I think a post to the DailyWTF is in order.
EDIT: For the non-c programmers, here's a quick guide to what the above does:
function xor i:unsigned, j:unsigned
answer = 0
bit_position = 1
while i <> 0 or j <> 0
if least significant bit of i <> least significant bit of j
answer = answer + bit_position
end if
bit_position = bit_position * 2
i = i / 2
j = j / 2
end while
return answer
end function
To determine if the least significant bit is set or cleared, the following is used:
bit set if i <> (i / 2) * 2
bit clear if i == (i / 2) * 2
What makes the code extra WTFy is that C defines an XOR operator, namely '^'. So, instead of:
result = i4_xor (a, b);
you can have:
result = a ^ b; // no function call at all!
The original programmer really should have know about the xor operator. But even if they didn't (and granted, it's another obfuscated C symbol), their implementation of an XOR function is unbelievably poor.
I'm using VC++ 2003 and it compiled instantly in both debug/release modes.
Edit:
Do you have the latest service pack installed on your systems?

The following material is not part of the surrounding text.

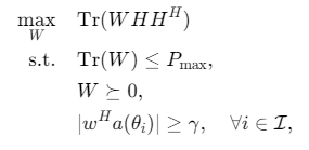 - 变量定义 :将波束成形向量 w∈CNw∈C^Nw∈CN转换为矩阵变量 W=wwHW=ww^HW=wwH,满足 W⪰0W⪰0W⪰0且秩为1。

I would recommend you download a trial edition of Visual Studio 2008 and try the compile there, just to see if the problem is inherent. Also, if it does happen on a current version, you would be able to report the problem, and Microsoft might fix it.
On the other hand, there is no chance that Microsoft will fix whatever bug is in VS2003.